I was told that it can be solved by creating similar triangles, but I do not get it.

Answer 1

There are several answers to your question. However, the question is meaningless unless the length $1$ is also given, since $\frac 1a$ has different units than $a$ does.

In this diagram, $AD$ is your given length $a$, and $AE$ is the unit length, $1$. Ray $\overrightarrow{AE}$ is an arbitrary ray that starts at point $A$. By construction, $AB=AE=1$ and segment $\overline{BG}$ is parallel to segment $\overline{DE}$.

Then triangles $ABG$ and $ADE$ are similar, so we have the proportion

$$\frac{AG}{AE}=\frac{AB}{AD}$$

or

$$\frac{AG}{1}=\frac{1}{a}$$

So $AG$ is your desired reciprocal $\frac 1a$.

Answer 2

Here is a simpler construction based on constructing perpendicular lines:

Suppose you have $x$, and you want $\frac 1x$. The circle has radius $1$. The hypotenuse of each of the triangles, together, define two perpendicular lines. The height the upper orange triangle is $x$, and the width of its base is $1$. The two orange triangles are identical, and the yellow and orange triangles are proportionally similar.
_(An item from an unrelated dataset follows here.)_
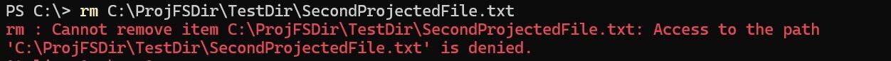 You might notice that three of these notifications, namely PRJ_NOTIFICATION_PRE_DELETE, PRJ_NOTIFICATION_PRE_RENAME, and PRJ_NOTIFICATION_PRE_SET_HARDLINK have “PRE” within their name. This correlates to a “pre” operation notification callback, which means that those notification callbacks allow you to return an error if someone tries to perform one of those operations. For example, if I try to delete C:\ProjFSDir\TestDir\SecondProjectedFile.txt, I can deny that access:

The nice idea is that the product of the slopes of perpendicular lines has to be $-1$, so the height of the yellow triangle has to be $\frac1x$.

There are even simpler constructions, also based on similar triangles, for instance:

but it is a bit misleading because it looks different depending on whether $x<1$ or $x>1$. The perpendicular lines give a nice symmetry to the picture and the description.

Answer 3

Such a construction is possible by inversion of a point about a unit radius mirroring circle inside to outside and vice-versa.

A vertical line $PT$ should be drawn parallel to y-axis to cut unit circle at T. A tangent at T perpendicular to radius $OT$ cuts x-axis at Q, the mirror point shown as reciprocal of $OP$. If radius has a dimension as length the geometric property used here is $ OT^2= OP\cdot OQ$. Similarly $Q$ mirrors $P$.